Q2: Why we return left -1, unlike when we process with left border algorithm and return left? In addition I think since we are searching right border, shouldn't we return right instead?

A2: First of all, the terminal condition of while loop is left == right, so it's right to use both of them. You can return right - 1 if you want to reflect right.

As for why we should minus 1 here, it's a special point, let's see the condition judgement:

    if(nums[mid] == target){
        left = mid + 1;
        //Thinking this way: mid = left - 1
    }

When we update the value of left, we must do it this way: left = mid + 1, which means when while is terminated, nums[left] must not equal to target, but nums[left-1] could be equal to target.

As for why left = mid + 1, it's same as part two.

Q3: Why there is no return -1? what if there is no target in nums?

A3: Like left border search, because the terminal condition of while is left == right, which means value interval of left is [0,nums.length], so we can add some codes and return -1 apprapoly:

while(left < right){
    // ...
}
if (lef == 0) return -1;
return nums[left -1] == target ? (left -1) : -1;

Part Four: Summary

Let's tease out the causal logic of these detailed differences.

Firstly, we implement a basic binary search alghrithm:

Because we initialize right = nums.length - 1, it decided our search interval is [left,right], and it also decided left = mid + 1 and right = mid - 1.

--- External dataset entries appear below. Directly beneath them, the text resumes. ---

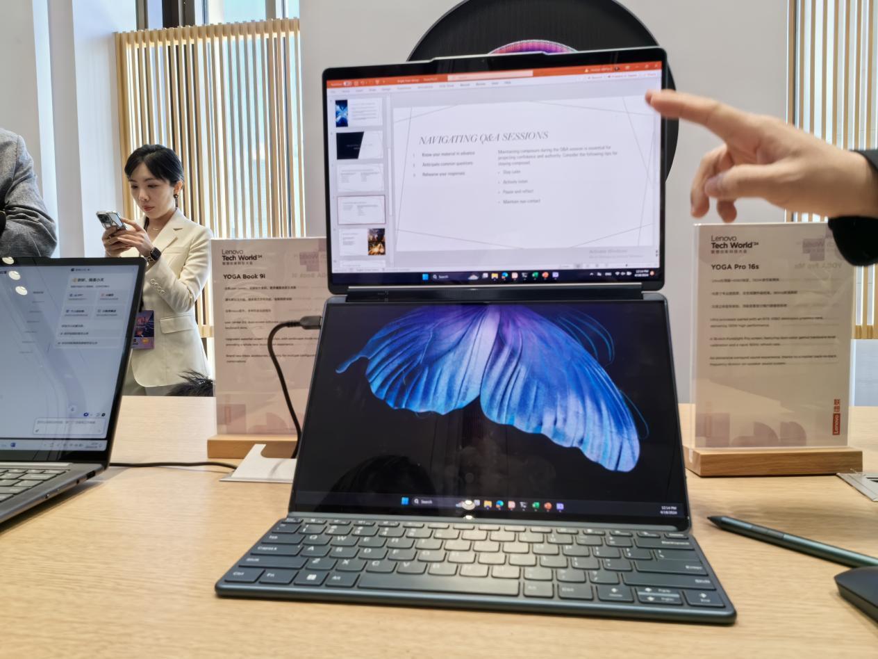 4月18日,在上海举行的第十届联想创新科技大会tech world上,联想集团董事长兼ceo杨元庆手中举着yoga book 9i说:“联想正式发布中国市场真正意义上的ai pc产品。”
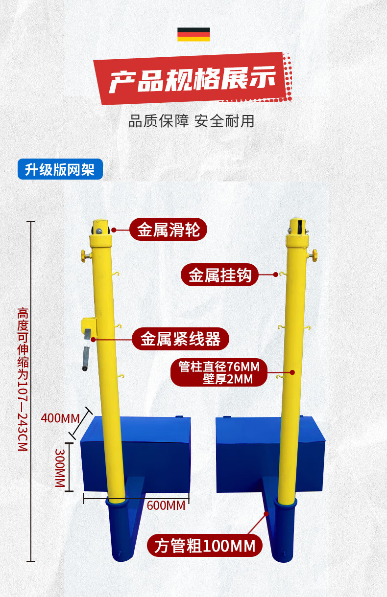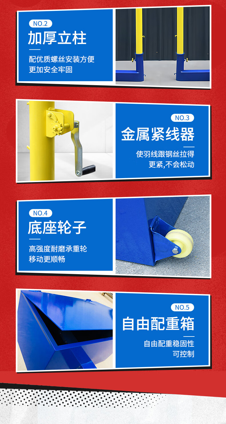 健伦 羽毛球网架排球柱学校比赛专用 多功能排球柱升降可移动 包球网 自营
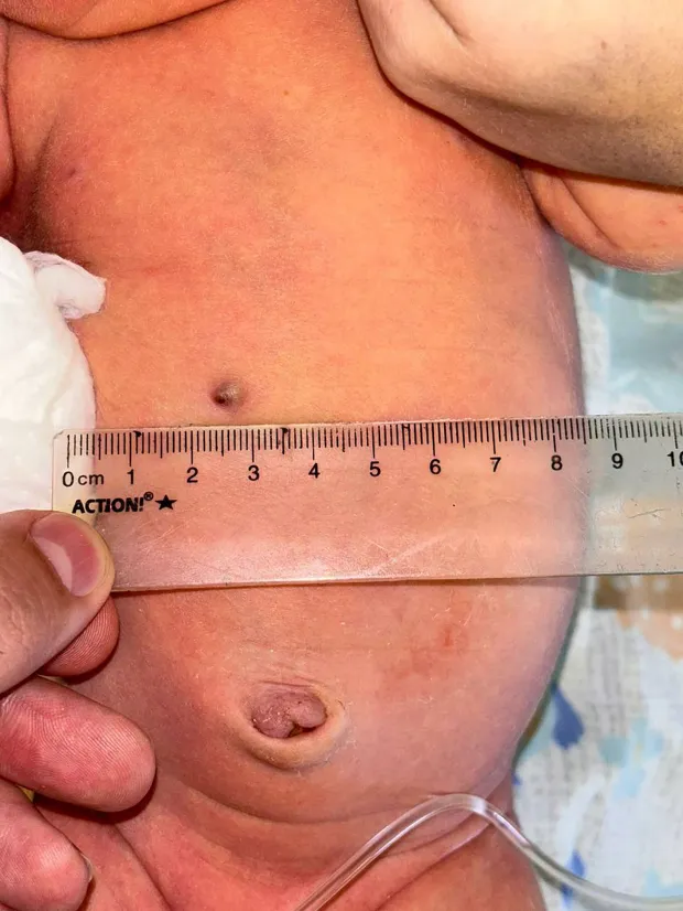 Poco después del alumbramiento, los doctores sometieron a la recién nacida a una intervención quirúrgica para extraer el perdigón de su área abdominal.
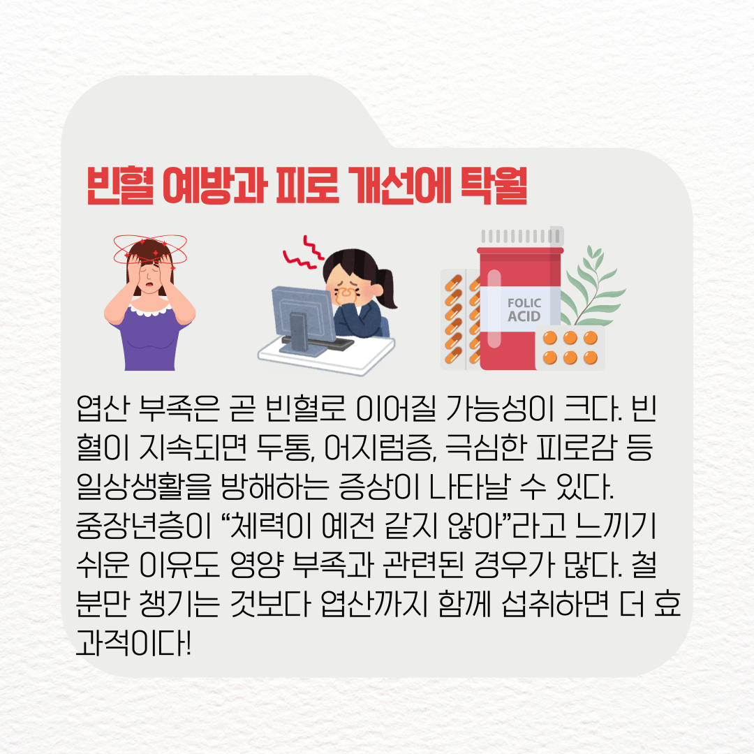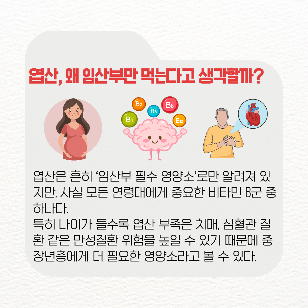 정리하자면! 엽산은 임산부만을 위한 영양소가 아니다. 치매 예방, 심혈관 건강, 빈혈 개선까지!
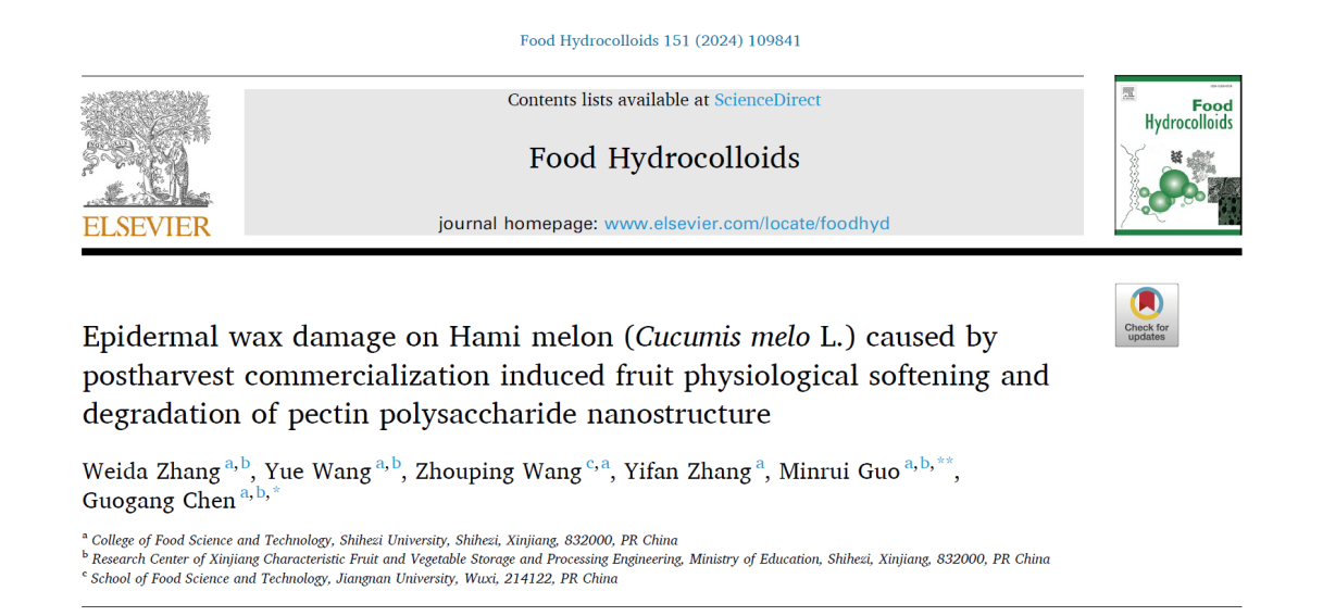【学术前沿】采后商品化处理造成的哈密瓜表皮蜡质损伤诱导果实生理软化以及果胶多糖纳米结构的降解
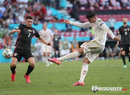 Национальная команда Испании в сверхрезультативном поединке отпраздновала победу над Хорватией в 1/8 финала ЧЕ по футболу 2020 года. Встреча состоялась в Копенгагене на арене «Паркен» и закончилась победой испанцев в овертайме со счетом 5:3.
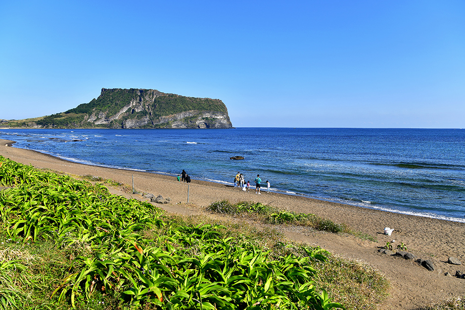 해발 180m인 성산 일출봉은 약 5,000년 전 제주도 수많은 분화구 중에서는 드물게 바닷속에서 수중폭발한 화산체이다. 용암이 물에 섞일 때 일어나는 폭발로 용암은 고운 화산재로 부서져 분화구 둘레에 원뿔형으로 쌓여 있다. 원래는 화산섬이었지만 신양해수욕장 쪽 땅과 섬 사이에 모래와 자갈이 쌓여 육지와 연결이 된 것이다. 일출봉 정상에는 지름 600m, 바닥면의 높이 해발 90m에 면적이 214,400㎡(성산일출봉 분화구의 면적)나 되는 분화구가 자리한다. 이곳에서 이장호 감독의 영화 \'공포의 외인구단\'의 한 장면이 촬영되기도 했다. 농사를 짓기도 했는데 지금은 억새밭을 이루며 우도가 손에 잡힐 듯 보인다.
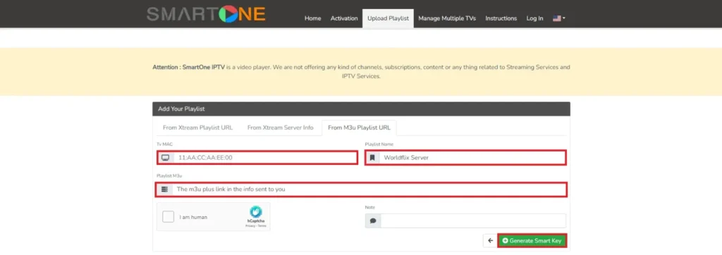 - Ajoutez l’URL de votre liste de lecture IPTV M3U ou les codes Xtream fournis par votre fournisseur de services IPTV.
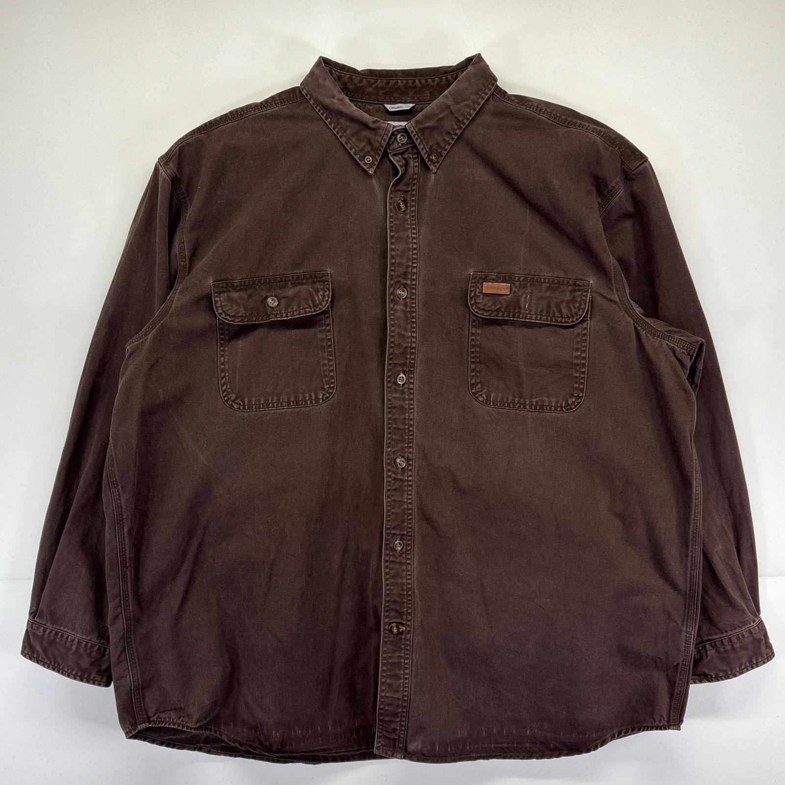 古着 カーハート Carhartt 長袖シャツ 大きいサイズ シャツジャケット ワンポイントロゴ ワークシャツ 3XL ブラウン メンズ
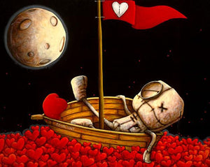 In Afloat on Waves of Desire, Fabio Napoleoni paints love as buoyant and moonlit. Deep crimsons and inky blacks frame warm, diffused light around Marcenivo and the moon, while the SS Valiant carries our giddy rag doll across a sea of hearts. Even the stars give way to tiny red hearts pulsing through the night sky—because when you’re in it, love is everywhere.
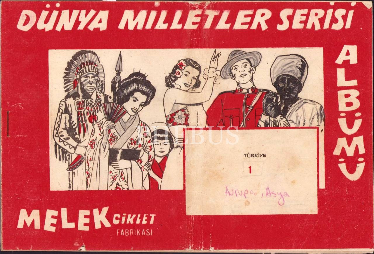 Melek Çiklet Fabrikası'ndan Dünya Milletler Serisi Albümü, 16x24 cm, yıpranmış haliyle

Since we only need to find a index of target, so when nums[mid] == target, we can return immediately.

Secondly, we implement binary search to find left border:

Because we initialize right = nums.length, it decided our search interval is [left,right), and it also decided while (left < right) ,and left = mid + 1 and right = mid.

Since we need to find the left border, so when nums[mid] == target, we shouldn't return immediately, we need to tighten the right border to lock the left border.

Thirdly, we implement binary search to find right border:

Because we initialize right = nums.length, it decided our search interval is [left,right),

it also decided while(left < right), left = mid + 1 and right = mid.

Since we need to find the left border, so when nums[mid] == target, we shouldn't return immediately, we need to tighten the left border to lock the right border.

For further consideration, we must set left = mid + 1 when we tighten left border, so no matter we return left or right, we must minus 1 with the result.

If you can understand all above, then congratulations, binary search alghrithm won't borther you any more!

According to this article, you will learn:

  1. When we write binary search code, we don't use else, we will use else if instead to make our mind clear.

  2. Pay attention to search interval and terminal condition of while. If there are any element missed, check it before we return the result.

  3. If we need to search left/right border, we can get proper result when nums[mid] == target, and when we search right border, we should minus 1 to get result.

  4. If we close both sides of border, we can only change the code in nums[mid] == target and return logic to get right answer. Put it on your notes, it can be a template for binary search implementation!